Task objective> The line with "清遠市清城區(qū)機關事務" marks where to begin; print it and all lines after it in the material below exactly, skipping pictures.
[Provided data]
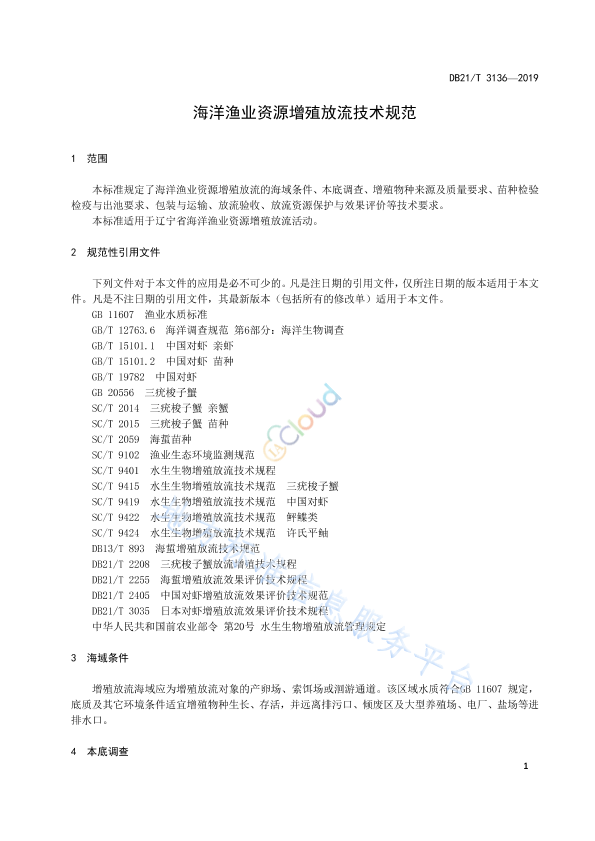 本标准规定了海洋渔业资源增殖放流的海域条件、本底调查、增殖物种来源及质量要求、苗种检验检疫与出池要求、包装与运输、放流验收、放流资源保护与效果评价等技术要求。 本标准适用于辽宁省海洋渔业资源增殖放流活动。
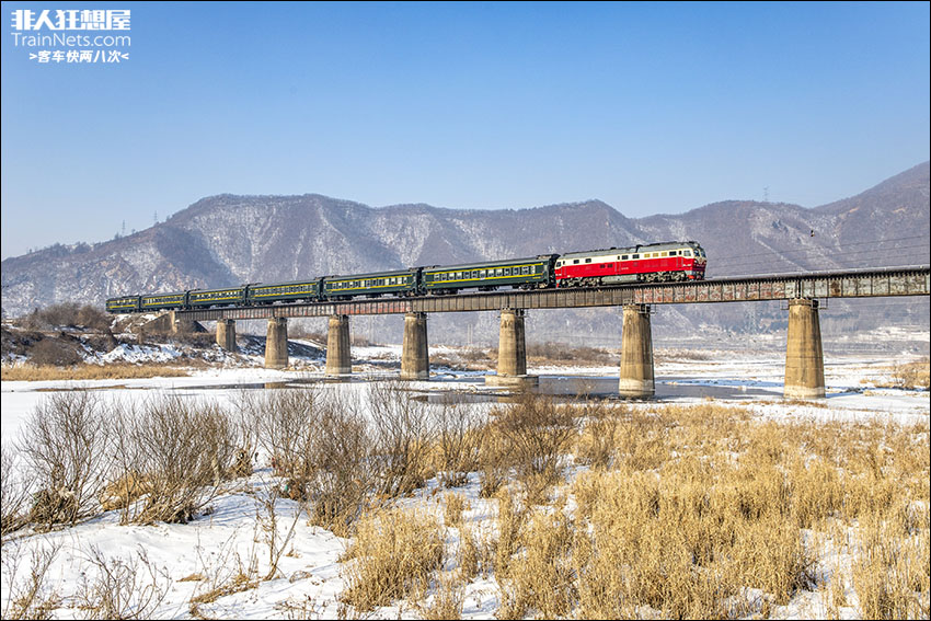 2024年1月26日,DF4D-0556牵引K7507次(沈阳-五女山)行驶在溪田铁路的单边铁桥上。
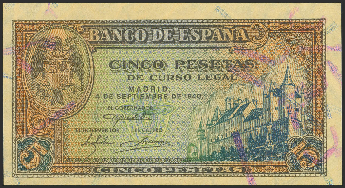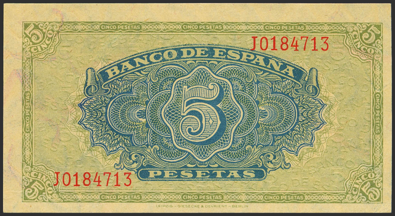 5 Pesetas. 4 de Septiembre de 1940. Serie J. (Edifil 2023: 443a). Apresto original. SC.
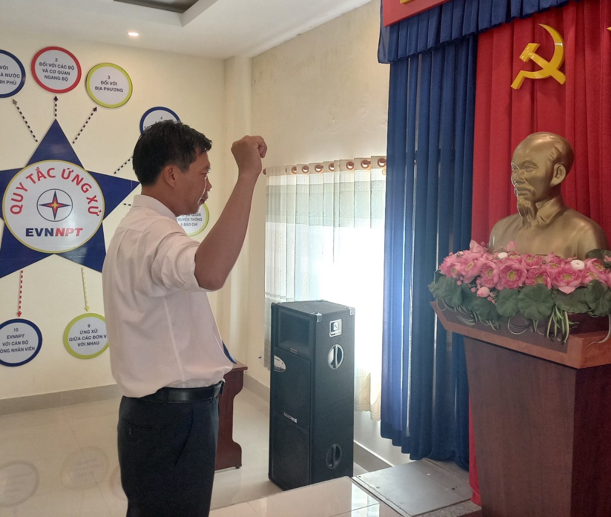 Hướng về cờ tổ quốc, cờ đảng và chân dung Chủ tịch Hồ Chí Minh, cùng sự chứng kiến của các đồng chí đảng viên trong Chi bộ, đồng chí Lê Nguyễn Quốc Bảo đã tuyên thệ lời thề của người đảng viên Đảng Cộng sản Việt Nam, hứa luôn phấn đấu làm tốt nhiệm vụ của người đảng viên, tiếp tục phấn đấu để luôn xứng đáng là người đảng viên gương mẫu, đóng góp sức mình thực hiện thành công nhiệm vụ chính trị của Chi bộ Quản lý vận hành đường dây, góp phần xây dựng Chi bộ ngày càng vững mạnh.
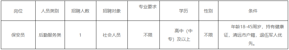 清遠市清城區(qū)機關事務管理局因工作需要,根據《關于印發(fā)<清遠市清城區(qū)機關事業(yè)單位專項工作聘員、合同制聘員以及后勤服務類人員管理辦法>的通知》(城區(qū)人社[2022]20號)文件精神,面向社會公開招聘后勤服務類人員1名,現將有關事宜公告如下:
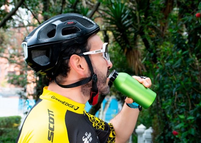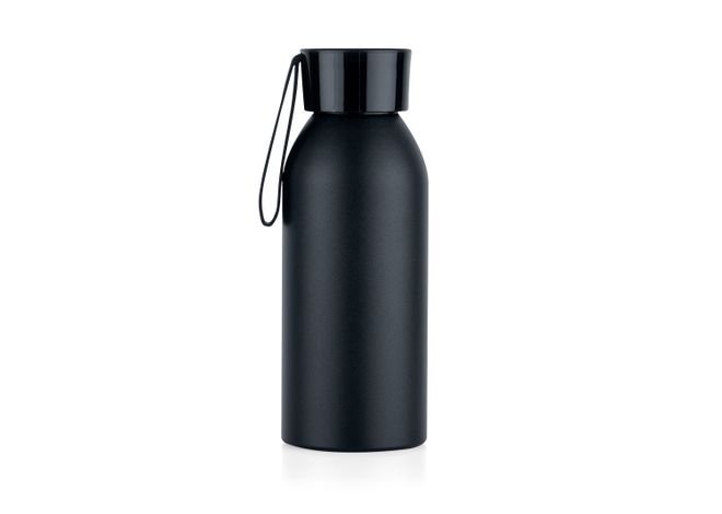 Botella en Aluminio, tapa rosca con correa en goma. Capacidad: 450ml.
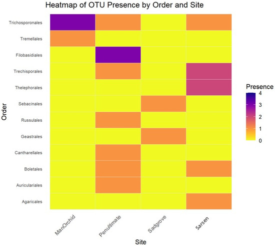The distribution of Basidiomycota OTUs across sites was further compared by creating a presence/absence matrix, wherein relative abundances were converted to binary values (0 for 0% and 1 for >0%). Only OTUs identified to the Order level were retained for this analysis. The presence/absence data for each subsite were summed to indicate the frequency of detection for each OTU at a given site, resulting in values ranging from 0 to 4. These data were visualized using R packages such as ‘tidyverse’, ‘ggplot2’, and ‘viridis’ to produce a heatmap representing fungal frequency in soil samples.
[/Provided data]
Task answer>
 清遠市清城區(qū)機關事務管理局因工作需要,根據《關于印發(fā)<清遠市清城區(qū)機關事業(yè)單位專項工作聘員、合同制聘員以及后勤服務類人員管理辦法>的通知》(城區(qū)人社[2022]20號)文件精神,面向社會公開招聘后勤服務類人員1名,現將有關事宜公告如下:
 Botella en Aluminio, tapa rosca con correa en goma. Capacidad: 450ml.
The distribution of Basidiomycota OTUs across sites was further compared by creating a presence/absence matrix, wherein relative abundances were converted to binary values (0 for 0% and 1 for >0%). Only OTUs identified to the Order level were retained for this analysis. The presence/absence data for each subsite were summed to indicate the frequency of detection for each OTU at a given site, resulting in values ranging from 0 to 4. These data were visualized using R packages such as ‘tidyverse’, ‘ggplot2’, and ‘viridis’ to produce a heatmap representing fungal frequency in soil samples.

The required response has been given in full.